Emit a verbatim copy of the lines below from the line with "This handwoven banarasi" through the line with "CHAMMALA | |||", excluding pictures and everything outside that range.

**DATA LISTING**
--------------------
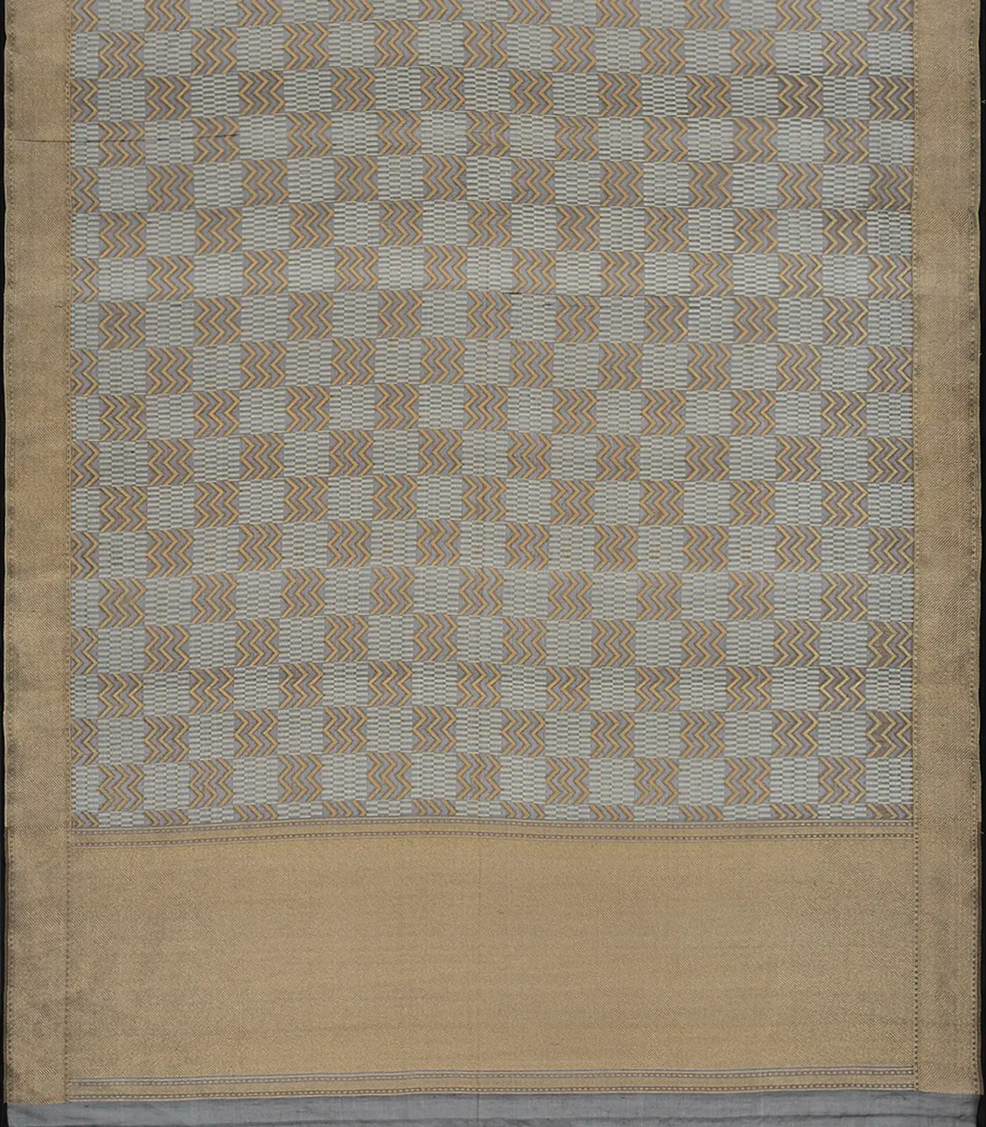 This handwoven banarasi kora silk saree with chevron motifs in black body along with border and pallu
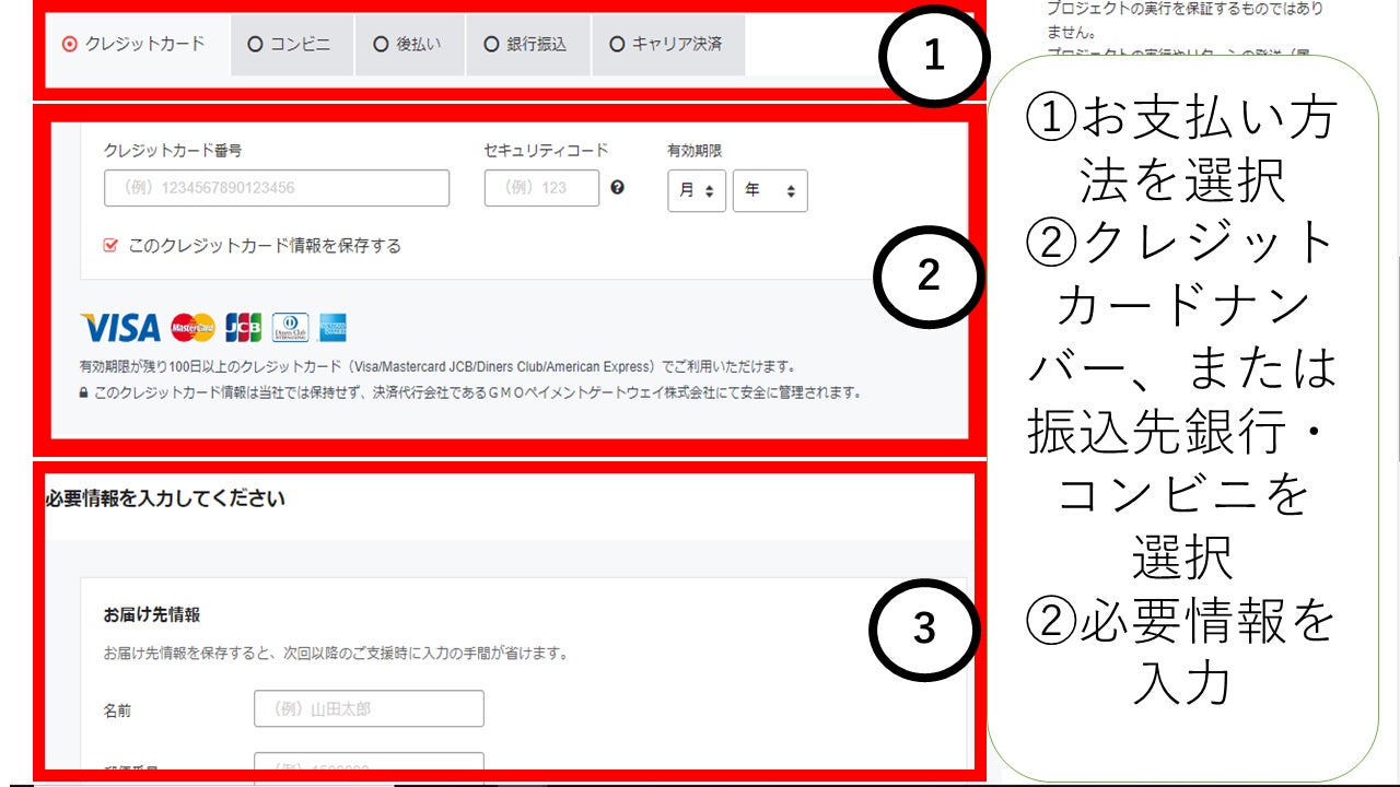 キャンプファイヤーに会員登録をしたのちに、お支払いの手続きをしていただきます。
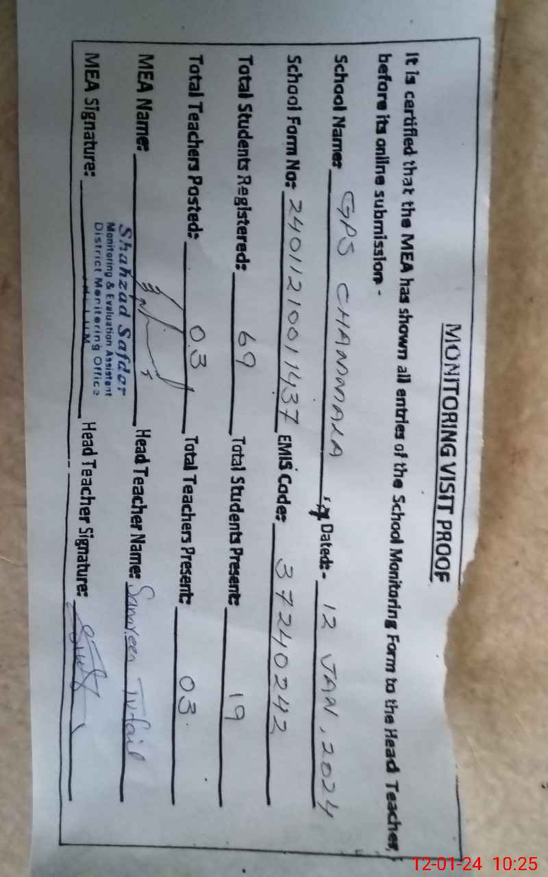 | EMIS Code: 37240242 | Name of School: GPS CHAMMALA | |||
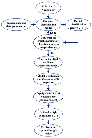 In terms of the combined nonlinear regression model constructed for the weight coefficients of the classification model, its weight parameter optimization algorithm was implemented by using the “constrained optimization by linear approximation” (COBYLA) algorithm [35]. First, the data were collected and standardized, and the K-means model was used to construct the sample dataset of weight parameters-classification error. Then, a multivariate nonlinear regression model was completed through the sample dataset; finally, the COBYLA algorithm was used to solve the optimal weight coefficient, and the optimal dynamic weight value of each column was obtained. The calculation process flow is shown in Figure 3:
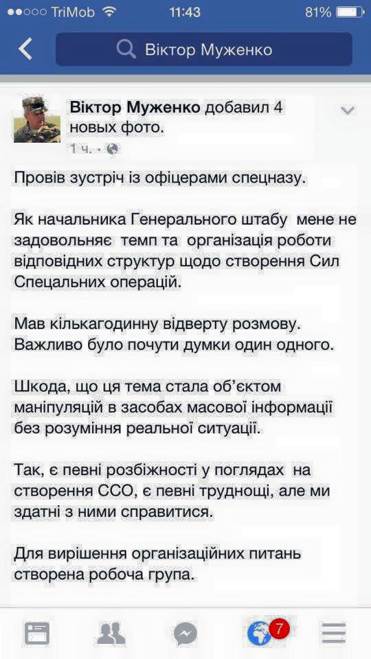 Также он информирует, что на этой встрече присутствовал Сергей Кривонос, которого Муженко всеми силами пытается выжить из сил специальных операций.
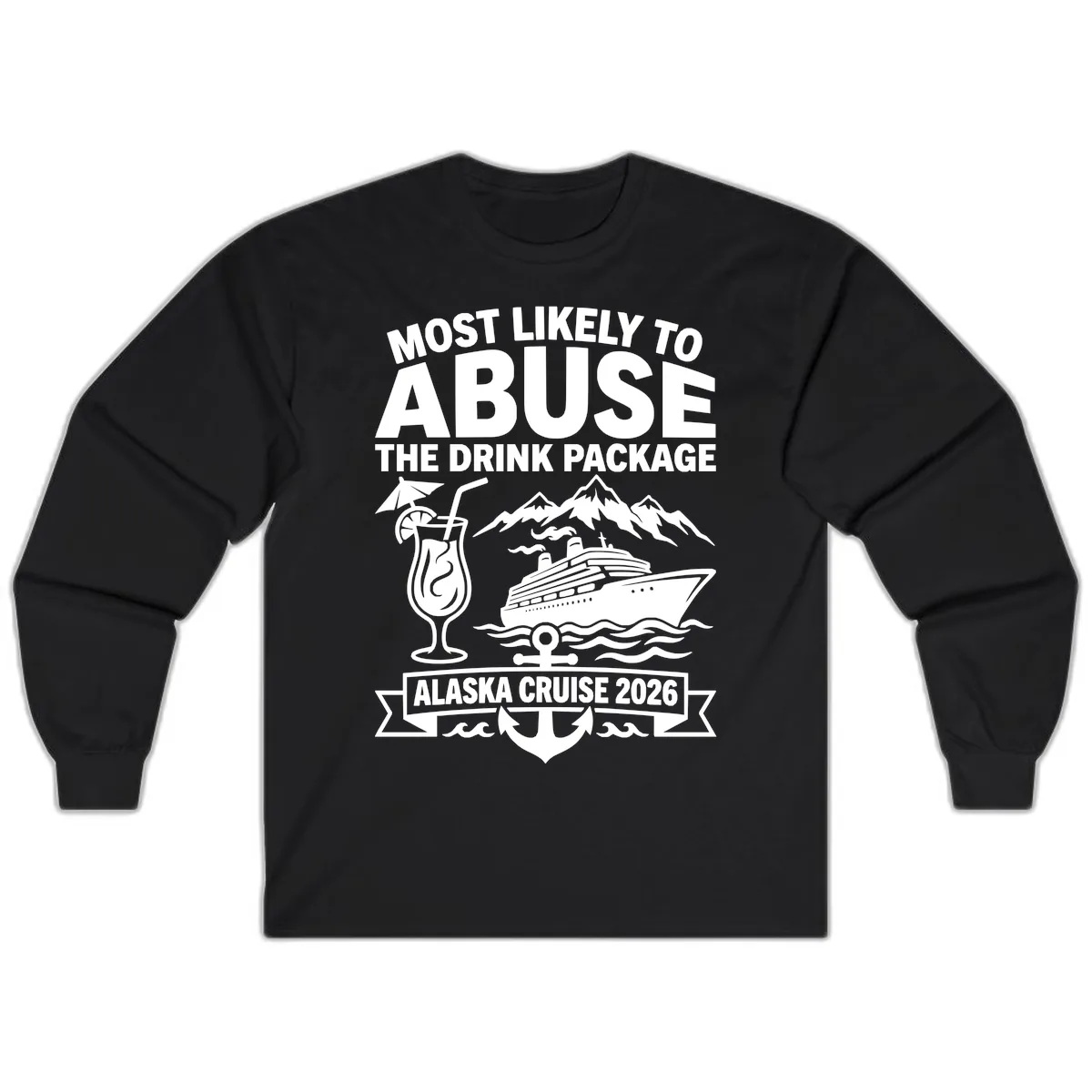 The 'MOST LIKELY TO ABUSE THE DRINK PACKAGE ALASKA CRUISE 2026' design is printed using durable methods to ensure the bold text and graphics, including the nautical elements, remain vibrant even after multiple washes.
--------------------
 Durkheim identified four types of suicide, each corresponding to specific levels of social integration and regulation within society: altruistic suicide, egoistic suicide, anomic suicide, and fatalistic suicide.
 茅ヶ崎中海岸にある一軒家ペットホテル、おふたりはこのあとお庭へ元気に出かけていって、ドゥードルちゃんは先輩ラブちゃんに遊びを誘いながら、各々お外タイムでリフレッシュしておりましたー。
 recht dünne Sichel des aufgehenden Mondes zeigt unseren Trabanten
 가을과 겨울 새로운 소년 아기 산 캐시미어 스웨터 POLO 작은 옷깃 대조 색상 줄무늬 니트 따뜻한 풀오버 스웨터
--------------------
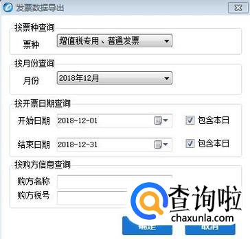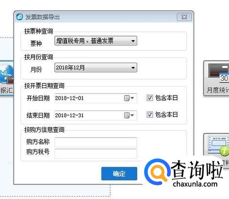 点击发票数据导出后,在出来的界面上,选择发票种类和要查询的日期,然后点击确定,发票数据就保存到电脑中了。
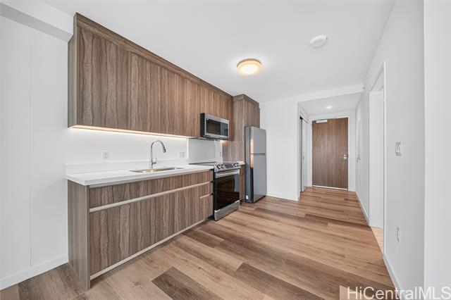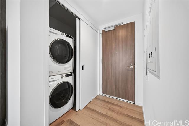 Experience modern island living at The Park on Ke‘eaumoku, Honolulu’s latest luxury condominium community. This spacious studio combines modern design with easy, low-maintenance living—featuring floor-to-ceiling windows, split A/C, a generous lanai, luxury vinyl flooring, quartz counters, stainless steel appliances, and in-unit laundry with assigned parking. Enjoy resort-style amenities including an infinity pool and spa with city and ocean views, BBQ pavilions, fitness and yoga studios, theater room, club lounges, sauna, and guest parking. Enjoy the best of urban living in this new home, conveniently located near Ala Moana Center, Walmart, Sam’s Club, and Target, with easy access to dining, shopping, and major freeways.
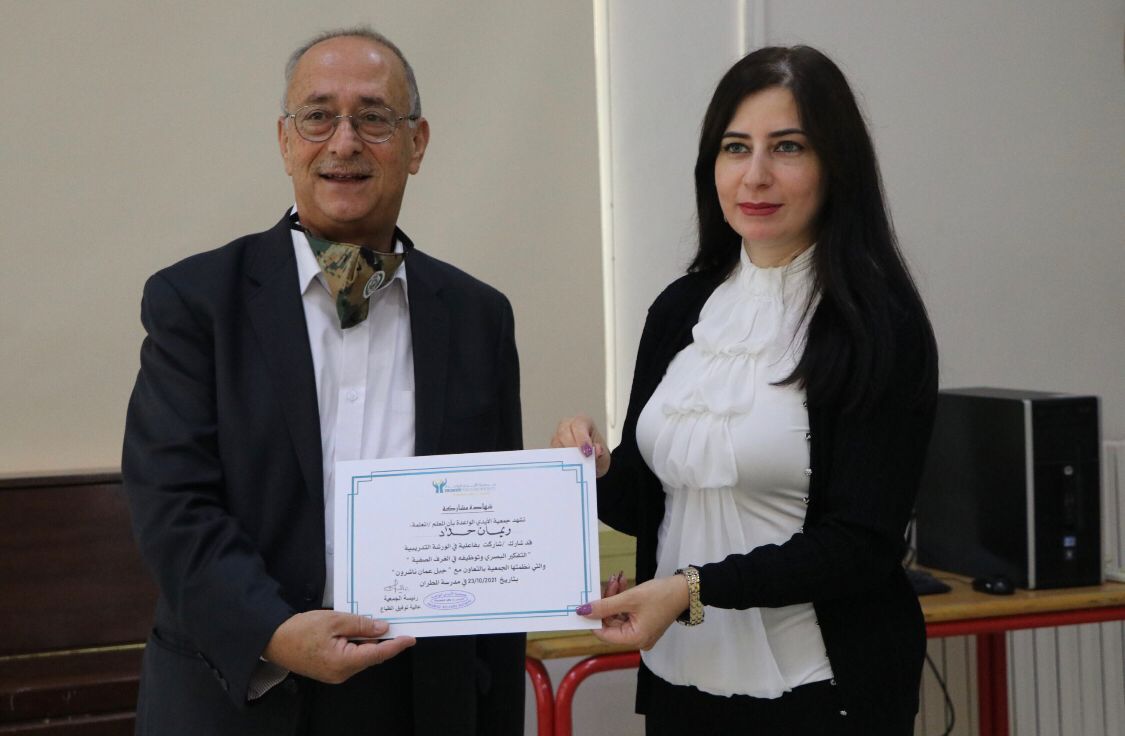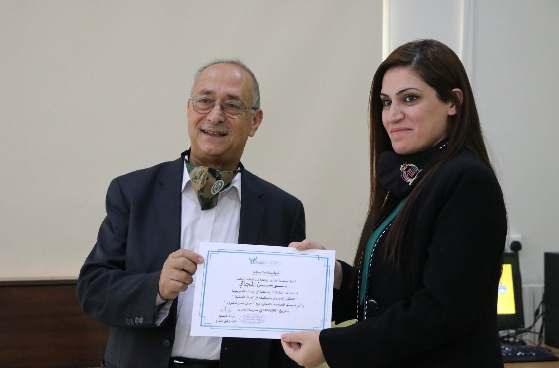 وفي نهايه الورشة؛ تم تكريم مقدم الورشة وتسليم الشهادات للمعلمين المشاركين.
--------------------
**ANSWER SPACE**
 This handwoven banarasi kora silk saree with chevron motifs in black body along with border and pallu
 キャンプファイヤーに会員登録をしたのちに、お支払いの手続きをしていただきます。
 | EMIS Code: 37240242 | Name of School: GPS CHAMMALA | |||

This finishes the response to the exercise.